Thanks for the link! fickling is excellent work (and definitely the gold standard for deep analysis). The goal with AIsbom was to build something lightweight enough to run in a fast CI/CD loop that creates a standard inventory (CycloneDX SBOM) alongside the security check. We are definitely looking at fickling's symbolic execution approach for inspiration on how to make our safety.py module more robust against obfuscation.

chuckadams|2 months ago

When dealing with stuff like php serialization and pickle, the rule is simple: never unpickle anything you didn't pickle yourself. If anything else could possibly touch the serialized bytes, sign it with HMAC and keep that somewhere untouchable.

I somehow doubt this tool is going to be able to pull off what Java bytecode verification could not.

nextaccountic|2 months ago

> When dealing with stuff like php serialization and pickle, the rule is simple: never unpickle anything you didn't pickle yourself.

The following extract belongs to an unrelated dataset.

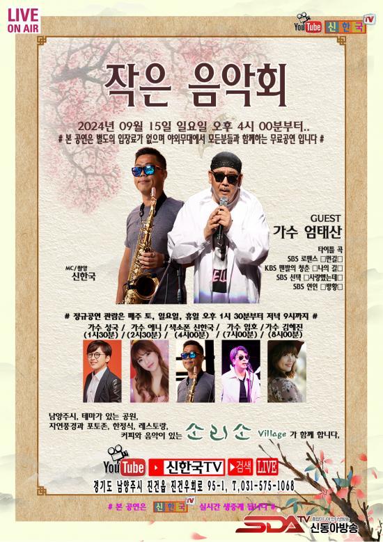 9¿ù 15ÀÏ °¡À» ÃÊÀÔ¿¡ ¿¸®´Â À̹ø À½¾Çȸ¿¡´Â ÇѰ¡À§ ¸íÀýÀ» ¸Â¾Æ ¿ÀÈÄ 4½ÃºÎÅÍ Å׸¶°ø¿ø ¼Ò¸®¼Òºô¸®Áö ¾ß¿Ü ¹«´ë¿¡¼ ÆÒµé°ú Á÷Á¢ ¼ÒÅëÇÏ¸ç °ø¿¬À» ÁøÇàÇÒ ¿¹Á¤À̸ç, À¯Æ©ºê ½ÅÇѱ¹TV¸¦ ÅëÇØ ½Ç½Ã°£ ¹æ¼Ûµµ ¿¹Á¤µÇ¾î ÀÖ´Ù.

I thought the rule was, never use pickle, it makes no sense when other serialization formats exist and are just as easy to use

lab700xdev|2 months ago

The Golden Rule holds: "Don't unpickle untrusted data." The problem I'm trying to solve is that "Untrusted" has become blurry in the AI age. Data Scientists treat Model Hubs (like Hugging Face) as trusted repositories, similar to PyPI or NPM. They shouldn't, but they do. This tool effectively serves as a "Loud Warning Label" to break that assumption. It tells the engineer: "Hey, you think this is just weights, but I see socket calls in here. Do not load this."

roywiggins|2 months ago

Don't love how ChatGPT the readme is, the bullet points under "Why AIsbom?" are very, very ChatGPT.

xpe|2 months ago

I will preemptively grant the narrow point that if a project demonstrates poor quality in its code or text (i.e. what I mean when I say "slop"), it can dissuade potential users. However, the "Why AIsbom?" section strikes me as clear and informative.

Many people prefer human writing. I get it, and I think I understand most of the underlying reasons and emotional drives. [1]

Nevertheless, my top preference (I think?) is clarity and accuracy. For technical writing, if these two qualities are present, I'm rarely bothered by what people may label "AI writing". OTOH, when I see sloppy, poorly reasoned, out-of-date writing, my left hand readies itself for ⌘W. [2]

A suggestion for the comment above, which makes a stylistic complaint: be more specific about what can be improved.

Finally, a claim: over time, valid identification of some text as being AI-generated will require more computation and be less accurate. [3]

[1]: Food for thought: https://theconversation.com/people-say-they-prefer-stories-w... and the backing report: https://docs.iza.org/dp17646.pdf

[2]: To be open, I might just have a much higher than average bar for precision -- I tend to prefer reading source materials than derivative press coverage, and I prefer reading a carefully worded, dry written documentation file over an informal chat description. To keep digging the hole for myself, I usually don't like the modern practice of putting unrelated full-width pictures in blog posts because they look purdy. Maybe it comes from a "just the facts, please" mentality when reading technical material.

[3]: I realize this isn't the clearest testable prediction, but I think the gist of it is falsifiable.

krick|2 months ago

Ok, as others noted, the tool in question is hardly a solution, but what is, then? I mean, presented like that, it's pretty crazy that everyone just downloads and runs 5GB executable blobs from Hugging Face. Does anyone review them somehow before they are accepted and gather 10K downloads on HF? Or is it really another totally mindbogglingy crazy thing that happens right now across all world, and everybody just shrugs and waits for catastrophic breach of security of planetary scale to happen?

eyeris|2 months ago

Was there any research into prior art? Recently did some research into this space and it seems like there are already a bunch of off the shelf open source projects for address this

esafak|2 months ago

Good job. Pickle has no place in production. Yeah, I said it.